Depois que Deus morreu.

Que Deus ia morrer todos nós sabíamos, afinal, Deus é a mais mortal de todas as criaturas. Só não sabíamos o significado da angústia de sua morte.

Deus caiu dos céus sobre a terra, uma massa de proporções gigantescas que abriu os mares ao se colidir com o globo. Seu corpo prestes-a-morrer era enorme. As feridas do coração divino se abriram no impacto, as suturas se alastraram sobre a terra, o pus jorrou de seu peito e sua imundície banhou a humanidade.

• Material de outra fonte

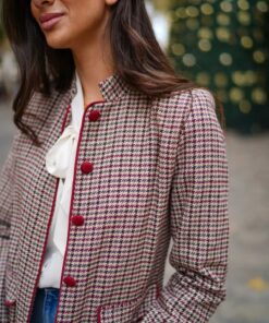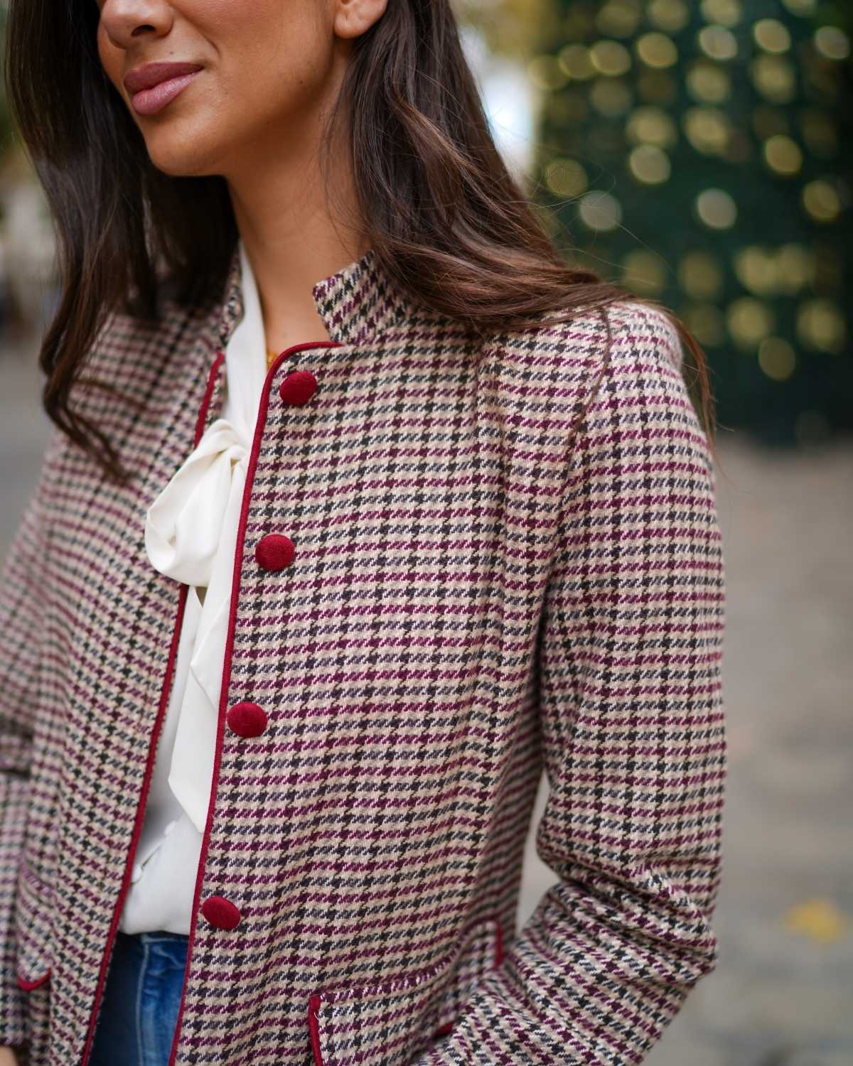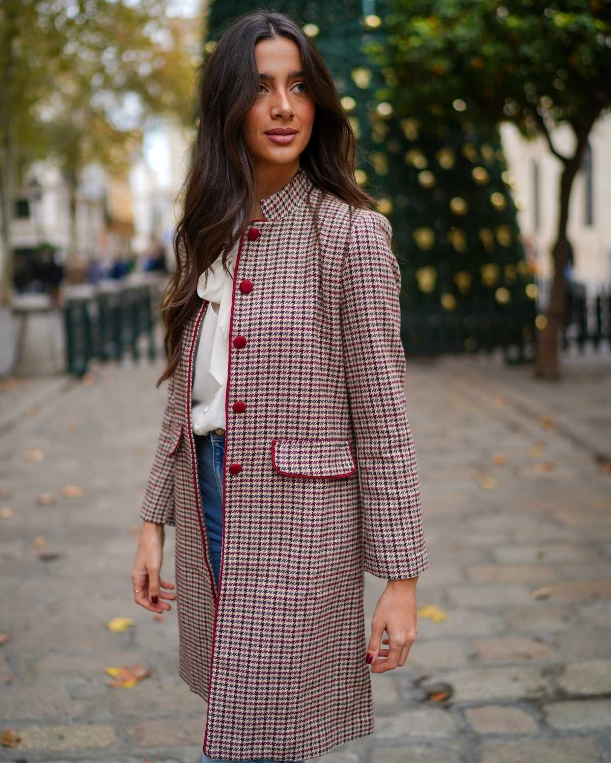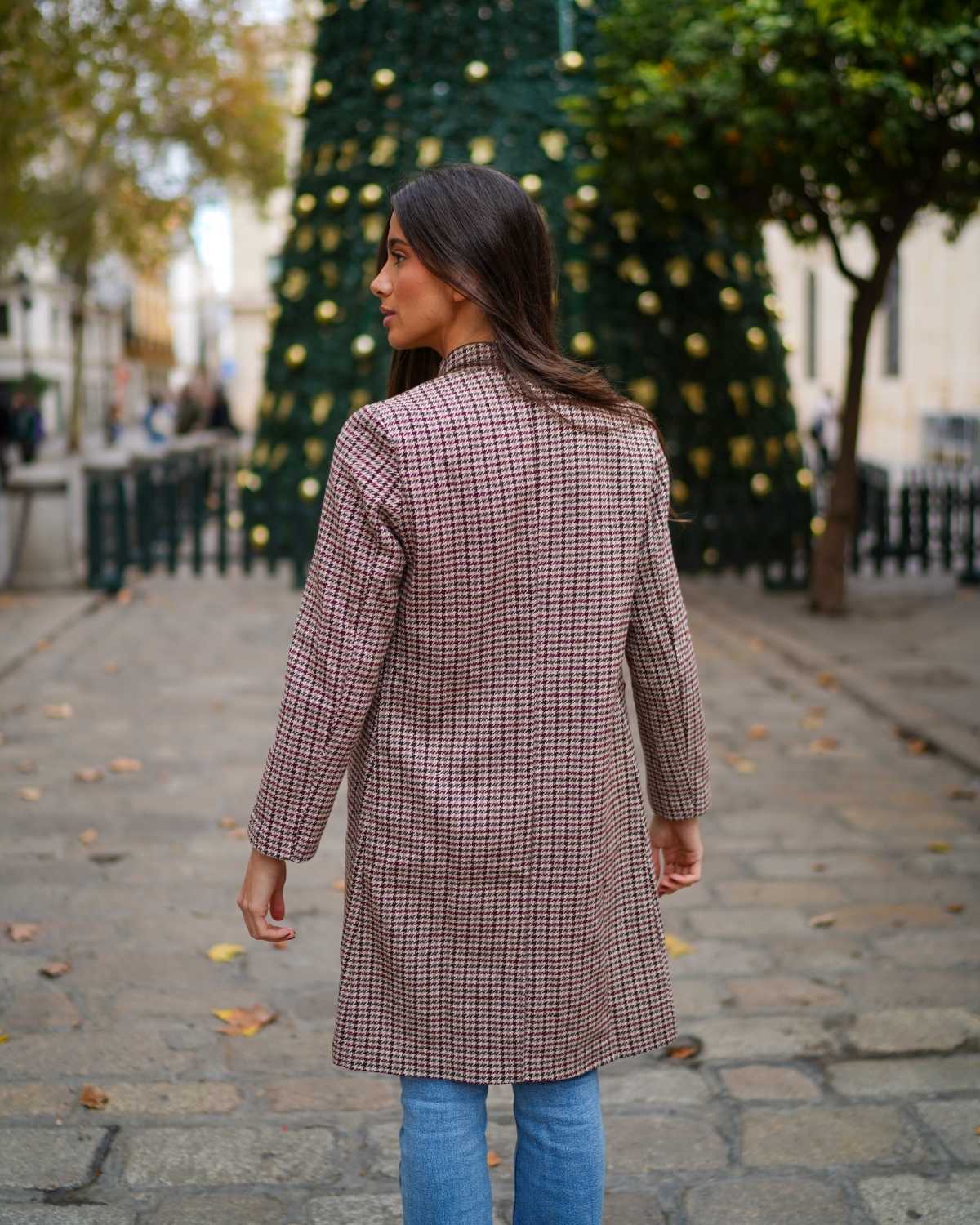 - Chaqueta midi con estampado de pata de gallo, manga larga y hombreras.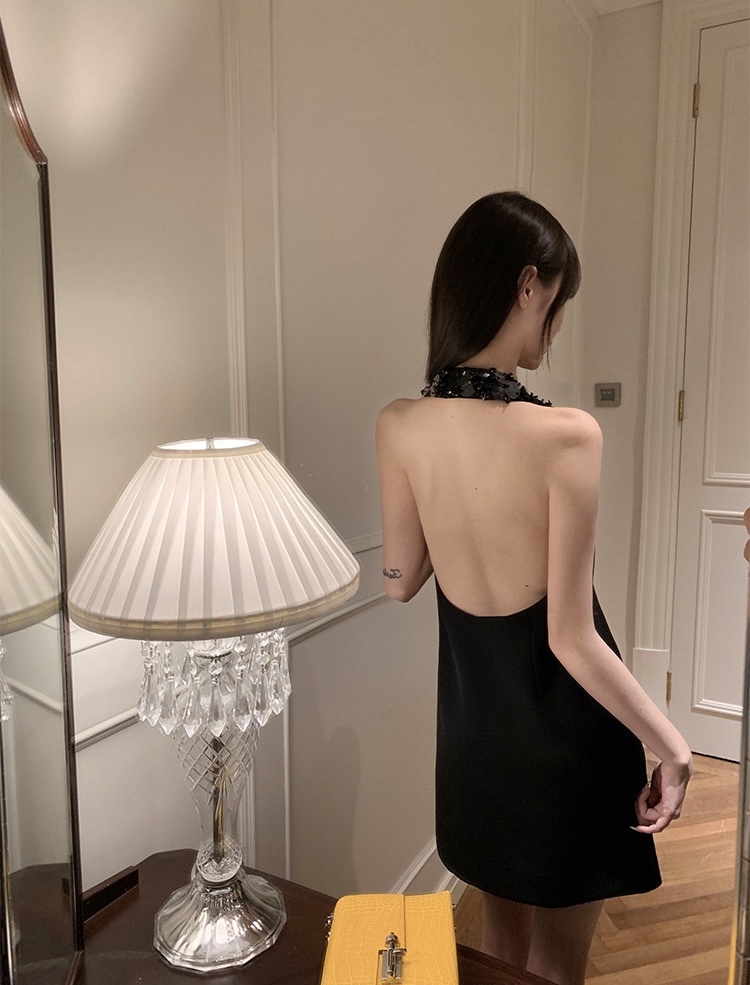 這款堆疊亮片掛脖露背毛尼洋裝蘊含了數大特色。深邃的墨黑色調,帶來時尚俐落的優雅感。精緻的亮片裝飾點綴其上,營造出細膩迷人的視覺效果。別緻的掛脖設計展現誘人的鎖骨線條,而背部深V剪裁更添性感魅力。柔軟的毛尼布料質感舒適,適合各種場合穿搭。人字紋織法增添時髦細節,讓整件洋裝更添個性風格。這件洋裝定能為妳的造型增添出眾光采。
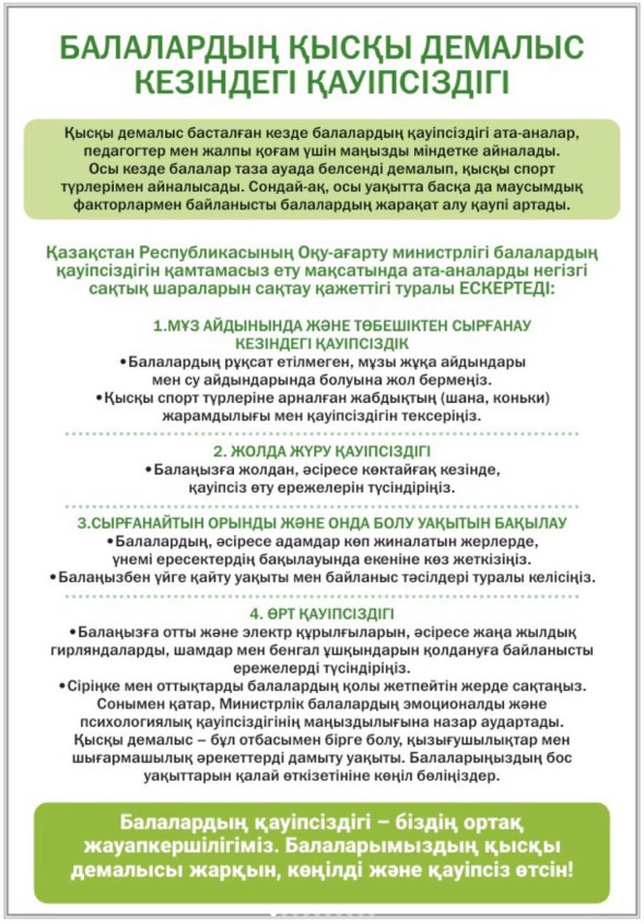 Балалардың қысқы демалыс кезіндегі қауіпсіздігін қамтамасыз ету және осы мезгілде балалар өлімі мен жарақаттанудың алдын алу үшін «Балалардың қысқы демалыс кезіндегі қауіпсіздігі туралы» жадынама әзірленді.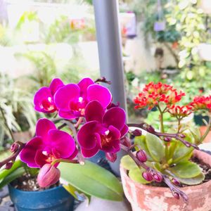 カランコエと胡蝶蘭💕花盛りです。蘭は、難しいかと思い、育てたことなかったけど、頂き、一年後も花が咲いたので嬉しかったです☺️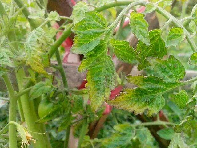 5、缺镁:番茄缺镁时,新生叶片卷曲,中下部叶片普遍黄化,并由下往上发展。叶绿素含量低,叶片黄化,光合作用微弱,严重影响营养的积累,可造成大幅度的减产。

Absolutamente tudo em Deus fedia e fodia, seu corpo se abria aos poucos e mostrava a podridão em seu interior: os órgãos negros de alguém que um dia já reinou sobre o cosmos. Ainda assim, respirava e chorava, lamentava a própria dor, o fim de si, o fim de tudo.

Não tinha mais controle sobre seu corpo, urinava sobre si mesmo. Seu xixi banhava a sua prole, sua merda fedia e toda a res extensa conseguia sentir seus odores.

Há quem se alimentasse de seus dejetos, seu sangue, seu mijo, sua merda, suas lágrimas e seu pus, jurando serem milagrosos, mas todos que fizeram isso infectaram-se e morreram em poucos dias.

Logo, Deus se mostrou uma praga sobre a terra, seu cheiro era insuportável. foi dominado por um bilhão de vermes que trafegavam pela extensão transnacional de seu cadáver.

Muitos perderam a fé em Deus e principalmente em si mesmos, sua agonia era a agonia de tudo o que existia, afinal, o ser-humano não é capaz de pensar em um Deus que sofre.

Finalmente chegaram ao extremo do possível: “vamos explodir Deus”. Instalaram sobre a sua carcaça fétida as armas mais poderosas que a tecnologia podia fornecer, apertaram o gatilho e os pedaços de Deus voaram com uma velocidade absurda e fizeram um anel que rodeava a terra, a humanidade foi consumida no processo.

Os poucos que sobraram viveram de uma angústia infinda e um medo agudo. Acreditavam que as armas serviam para a proteção da espécie, e tinham perdido a mais poderosa arma que o homem um dia já criou: perderam Deus, perderam a religião.